And wandering on to the silent door
He knocked aloud—he knew no more;
But the lights went out like winking.
 
 
A wreath of mist rushed over the Mere,
And reached Helvellyn as dawn grew near;
And two thin streaks went down the wind
O'er Dunmail-Raise with a storm behind,
The leaves in Grasmere raking.
 
 
On Rydal isles the herons awoke;
A pattering cloud by Wansfell broke;
And the grey cock stretched his neck to crow
In Calgarth roost, that ghosts might know
It was time for maids to be waking.
 
 
The skeletons two rushed through the yard,
They pushed the door they left unbarr'd,
Laid by their skulls in the niched wall,
And flew like wind from Calgarth Hall
Where still the round porter sat sleeping.
 
 
As out they rattled, the wind rushed in
And slamm'd the doors with a terrible din;
The grey cock crew; the dogs were raised;
And the old porter rubb'd his eyes amazed
At the dawn so coldly breaking.
 
 
And lying at morn by Armboth gate
Was found the form that knocked so late;
A traveller footworn, mired, and grey,
Who, led by marsh lights lost his way,
And coldly in death was sleeping.
 

NOTES TO "THE ARMBOTH BANQUET."

The Old Hall of Calgarth, whose history, it has been said, belongs to the world of shadows, but whose remains still form an object of interest from their picturesqueness and antiquity, is situated within a short distance of the water, upon the narrowest part of a small and pleasant plain on the eastern shore of Windermere. The house has been so much injured and curtailed of its original proportions, that it is impossible to make out what has been its precise form: many parts having gone entirely to decay, and others being much out of repair; the materials having been used in the erection of offices and outbuildings, for the accommodation of farmers, in whose occupation it has been for a long period. Its original character has been quite lost in the additions and alterations of later days. It is however said to have been constructed much after the style of those venerable Westmorland mansions, the Halls of Sizergh and Levens.
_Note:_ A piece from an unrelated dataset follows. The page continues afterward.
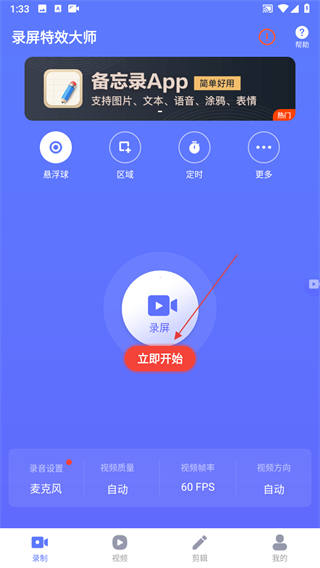 2、點(diǎn)擊錄屏按鈕后,界面出現(xiàn)立即開始按鈕,點(diǎn)擊該按鈕啟動(dòng)錄屏。
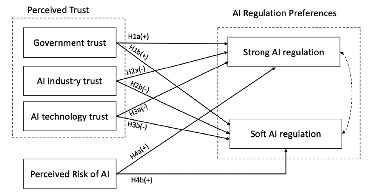 Trust in the government, trust in the AI industry, trust in AI systems, and perceptions of AI risks predict strong (e.g., banning data centers, AI sentience development) and soft (e.g., slowing down AI development) regulatory policies. Here is our theoretical model from Bullock et al. (2025):

But there are few traces of the "fair old building," which even so late as the year 1774, Dr. Burn described it to be; and the destruction of this ancient home of the Philipsons has well nigh been complete. What is now called the kitchen, and the room over it, are the only portions of the interior remaining, from which a judgment may be formed of the care and finish that have been applied to its internal decoration. In the former, which appears to have been one of the principal apartments, though now divided, and appropriated to humble uses, the armorial achievements of the Philipsons, crested with the five ostrich plumes of their house, and surmounted by their motto, "Fide non fraude," together with the bearings of Wyvill impaling Carus, into which families the owners of Calgarth intermarried, are coarsely represented in stucco over the hearth, and still serve to connect their name with the house. The large old open fireplace has been filled up by an insignificant modern invention. The window still retains some fragments of its former display of heraldic honours; the arms of the early owners, impaling those of Wyvill, and the device of Briggs, another Westmorland family, with whom the Philipsons were also matrimonially connected, yet appear in their proper blazon. And in the same window, underneath the emblazonry, is this legend, likewise in painted glass:—

Robart. Phillison
and. Jennet. Laibor
ne. his. wife. he. die
d. in. anno. 1539
the. ZZ. Dece
mbar 1579

The old dining table of black oak, reduced in its dimensions, occupies one side of this apartment. The room over the kitchen, to which a steep stair rises from the threshold of the porch, and which looks over the lake, has been nobly ornamented after the fashion of the day, by cunning artists, and it still retains in its dilapidated oak work, and richly adorned ceiling, choice, though rude remnants of its former splendour. It has a dark polished oak floor, and is wainscotted on three sides, with the same tough wood, which, bleached with age, is elaborately carved in regular intersecting panels, inlaid with scroll-work and tracery, enriched by pilasters, and surmounted by an embattled cornice. In this wainscot two or three doors indicate the entrances to other rooms, whose approaches are walled up, the rooms themselves having been long since destroyed. The ceiling is flat, and formed into compartments by heavy square intersecting moulded ribs, the intermediate spaces of which are excessively adorned with cumbrous ornamental work of the most grotesque figures and designs imaginable, amidst which festoons of flowers, fruits, and other products of the earth, mingled with heraldic achievements, moulded in stucco, yet exist, to tell how many times the fruitage and the leaves outside have come and gone, have ripened and decayed, whilst they endure unchanged.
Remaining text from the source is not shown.